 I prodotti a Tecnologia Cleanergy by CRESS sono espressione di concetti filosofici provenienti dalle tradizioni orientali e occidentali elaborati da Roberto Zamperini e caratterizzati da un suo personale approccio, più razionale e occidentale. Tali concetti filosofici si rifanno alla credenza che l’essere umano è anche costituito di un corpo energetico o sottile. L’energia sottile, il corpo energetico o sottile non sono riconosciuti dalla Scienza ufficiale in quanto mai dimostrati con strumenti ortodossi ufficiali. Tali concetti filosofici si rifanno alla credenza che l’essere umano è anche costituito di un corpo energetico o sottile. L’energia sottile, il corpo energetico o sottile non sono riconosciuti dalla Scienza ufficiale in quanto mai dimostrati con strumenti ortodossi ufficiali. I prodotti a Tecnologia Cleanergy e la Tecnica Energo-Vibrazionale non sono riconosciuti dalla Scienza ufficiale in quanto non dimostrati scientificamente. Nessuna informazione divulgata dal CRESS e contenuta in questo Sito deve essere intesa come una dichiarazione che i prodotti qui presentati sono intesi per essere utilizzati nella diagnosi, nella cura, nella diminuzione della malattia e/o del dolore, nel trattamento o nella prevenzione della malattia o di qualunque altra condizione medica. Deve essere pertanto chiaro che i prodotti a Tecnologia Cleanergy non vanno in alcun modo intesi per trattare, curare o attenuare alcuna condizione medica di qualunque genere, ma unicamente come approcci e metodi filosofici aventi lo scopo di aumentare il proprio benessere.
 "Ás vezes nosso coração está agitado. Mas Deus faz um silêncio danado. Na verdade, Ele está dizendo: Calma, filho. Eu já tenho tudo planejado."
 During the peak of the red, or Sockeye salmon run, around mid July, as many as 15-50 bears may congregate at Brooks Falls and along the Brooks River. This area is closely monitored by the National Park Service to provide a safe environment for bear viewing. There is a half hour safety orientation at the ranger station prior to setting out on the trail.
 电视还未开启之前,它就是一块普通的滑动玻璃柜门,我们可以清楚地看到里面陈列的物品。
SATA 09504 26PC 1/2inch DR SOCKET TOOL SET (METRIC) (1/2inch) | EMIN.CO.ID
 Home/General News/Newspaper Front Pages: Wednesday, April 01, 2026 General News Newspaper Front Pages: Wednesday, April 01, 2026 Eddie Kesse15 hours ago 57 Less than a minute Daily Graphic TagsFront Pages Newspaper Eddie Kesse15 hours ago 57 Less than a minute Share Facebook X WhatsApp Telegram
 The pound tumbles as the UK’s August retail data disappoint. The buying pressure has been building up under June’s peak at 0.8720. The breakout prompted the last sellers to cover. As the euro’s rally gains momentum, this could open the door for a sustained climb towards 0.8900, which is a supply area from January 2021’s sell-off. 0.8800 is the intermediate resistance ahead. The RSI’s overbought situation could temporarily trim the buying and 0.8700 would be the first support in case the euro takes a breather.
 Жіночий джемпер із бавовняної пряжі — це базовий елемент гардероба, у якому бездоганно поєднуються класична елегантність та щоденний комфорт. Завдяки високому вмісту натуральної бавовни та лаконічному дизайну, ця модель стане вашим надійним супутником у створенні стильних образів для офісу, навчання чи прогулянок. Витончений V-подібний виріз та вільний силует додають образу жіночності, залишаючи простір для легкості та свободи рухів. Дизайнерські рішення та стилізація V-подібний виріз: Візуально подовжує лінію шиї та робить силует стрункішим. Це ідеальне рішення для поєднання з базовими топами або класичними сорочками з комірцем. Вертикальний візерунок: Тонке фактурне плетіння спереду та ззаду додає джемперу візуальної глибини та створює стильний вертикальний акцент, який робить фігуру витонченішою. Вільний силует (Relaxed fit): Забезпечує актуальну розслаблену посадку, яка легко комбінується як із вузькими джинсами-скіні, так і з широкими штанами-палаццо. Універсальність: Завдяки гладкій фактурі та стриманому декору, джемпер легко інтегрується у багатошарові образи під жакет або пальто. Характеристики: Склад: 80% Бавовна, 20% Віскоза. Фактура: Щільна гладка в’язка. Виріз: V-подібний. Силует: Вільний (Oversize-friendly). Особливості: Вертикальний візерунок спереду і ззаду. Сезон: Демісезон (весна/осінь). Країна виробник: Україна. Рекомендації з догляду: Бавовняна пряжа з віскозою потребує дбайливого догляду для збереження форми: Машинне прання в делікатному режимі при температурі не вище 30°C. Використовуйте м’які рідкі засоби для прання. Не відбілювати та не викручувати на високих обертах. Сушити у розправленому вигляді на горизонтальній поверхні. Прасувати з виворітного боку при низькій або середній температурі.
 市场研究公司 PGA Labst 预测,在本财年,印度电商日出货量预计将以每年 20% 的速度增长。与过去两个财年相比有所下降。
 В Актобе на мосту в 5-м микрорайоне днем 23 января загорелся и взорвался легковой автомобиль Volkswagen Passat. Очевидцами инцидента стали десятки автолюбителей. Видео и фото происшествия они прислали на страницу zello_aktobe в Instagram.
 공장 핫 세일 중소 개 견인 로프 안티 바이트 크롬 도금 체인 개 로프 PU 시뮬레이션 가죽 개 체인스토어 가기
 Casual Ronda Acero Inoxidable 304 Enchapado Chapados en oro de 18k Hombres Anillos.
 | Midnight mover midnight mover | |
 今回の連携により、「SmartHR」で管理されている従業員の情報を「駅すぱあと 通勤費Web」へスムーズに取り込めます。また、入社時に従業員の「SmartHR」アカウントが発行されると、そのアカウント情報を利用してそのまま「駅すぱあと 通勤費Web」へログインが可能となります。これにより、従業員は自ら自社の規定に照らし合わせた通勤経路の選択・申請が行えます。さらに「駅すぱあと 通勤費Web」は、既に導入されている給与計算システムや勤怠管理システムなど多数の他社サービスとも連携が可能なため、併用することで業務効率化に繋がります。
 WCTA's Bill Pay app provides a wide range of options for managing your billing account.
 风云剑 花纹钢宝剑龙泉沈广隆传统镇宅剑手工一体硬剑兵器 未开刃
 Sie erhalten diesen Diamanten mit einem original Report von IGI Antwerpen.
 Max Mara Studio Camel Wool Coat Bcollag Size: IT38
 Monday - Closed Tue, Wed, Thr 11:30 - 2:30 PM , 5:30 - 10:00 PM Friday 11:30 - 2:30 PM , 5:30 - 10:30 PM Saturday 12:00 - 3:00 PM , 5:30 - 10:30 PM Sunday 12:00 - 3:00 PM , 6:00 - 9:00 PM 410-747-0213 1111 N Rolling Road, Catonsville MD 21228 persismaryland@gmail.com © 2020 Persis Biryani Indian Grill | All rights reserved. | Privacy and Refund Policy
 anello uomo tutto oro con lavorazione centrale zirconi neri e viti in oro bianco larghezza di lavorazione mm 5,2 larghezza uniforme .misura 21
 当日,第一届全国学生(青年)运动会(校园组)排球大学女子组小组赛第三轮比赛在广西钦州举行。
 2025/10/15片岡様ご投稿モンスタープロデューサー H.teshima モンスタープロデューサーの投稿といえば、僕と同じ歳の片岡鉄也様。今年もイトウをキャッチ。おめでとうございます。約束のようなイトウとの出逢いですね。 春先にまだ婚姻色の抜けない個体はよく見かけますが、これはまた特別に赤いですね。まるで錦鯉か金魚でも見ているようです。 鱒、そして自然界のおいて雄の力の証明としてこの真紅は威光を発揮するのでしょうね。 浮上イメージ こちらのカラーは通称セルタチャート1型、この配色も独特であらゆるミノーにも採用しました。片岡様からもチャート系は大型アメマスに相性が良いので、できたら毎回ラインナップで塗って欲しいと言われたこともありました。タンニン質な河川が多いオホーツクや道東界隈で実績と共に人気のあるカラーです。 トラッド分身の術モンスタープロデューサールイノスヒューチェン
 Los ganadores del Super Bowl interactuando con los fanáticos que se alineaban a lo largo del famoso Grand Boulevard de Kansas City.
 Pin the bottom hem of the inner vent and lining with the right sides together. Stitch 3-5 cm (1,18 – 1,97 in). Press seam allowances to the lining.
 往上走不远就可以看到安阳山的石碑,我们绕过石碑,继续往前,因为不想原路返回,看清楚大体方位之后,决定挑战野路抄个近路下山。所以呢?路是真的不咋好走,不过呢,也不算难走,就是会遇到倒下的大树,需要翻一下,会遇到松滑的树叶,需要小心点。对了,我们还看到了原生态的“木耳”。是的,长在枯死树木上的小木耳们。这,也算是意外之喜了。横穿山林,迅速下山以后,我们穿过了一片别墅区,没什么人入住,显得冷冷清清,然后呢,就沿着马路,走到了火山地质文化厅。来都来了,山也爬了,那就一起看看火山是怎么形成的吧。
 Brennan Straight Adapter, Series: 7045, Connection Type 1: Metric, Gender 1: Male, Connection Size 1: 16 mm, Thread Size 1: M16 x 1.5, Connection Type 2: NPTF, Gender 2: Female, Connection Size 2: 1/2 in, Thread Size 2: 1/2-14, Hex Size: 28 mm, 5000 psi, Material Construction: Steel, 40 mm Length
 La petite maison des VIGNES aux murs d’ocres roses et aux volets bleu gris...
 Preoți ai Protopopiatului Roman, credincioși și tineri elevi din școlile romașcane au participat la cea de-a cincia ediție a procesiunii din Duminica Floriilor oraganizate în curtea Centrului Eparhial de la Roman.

..............................

## [What the task requires]
In the entries above, find the line with "Monday - Closed" and the line with "当日,第一届全国学生(青年)", then set down exactly those two and every line between them, nothing else.

## [Response to this task]
 Monday - Closed Tue, Wed, Thr 11:30 - 2:30 PM , 5:30 - 10:00 PM Friday 11:30 - 2:30 PM , 5:30 - 10:30 PM Saturday 12:00 - 3:00 PM , 5:30 - 10:30 PM Sunday 12:00 - 3:00 PM , 6:00 - 9:00 PM 410-747-0213 1111 N Rolling Road, Catonsville MD 21228 persismaryland@gmail.com © 2020 Persis Biryani Indian Grill | All rights reserved. | Privacy and Refund Policy
 anello uomo tutto oro con lavorazione centrale zirconi neri e viti in oro bianco larghezza di lavorazione mm 5,2 larghezza uniforme .misura 21
 当日,第一届全国学生(青年)运动会(校园组)排球大学女子组小组赛第三轮比赛在广西钦州举行。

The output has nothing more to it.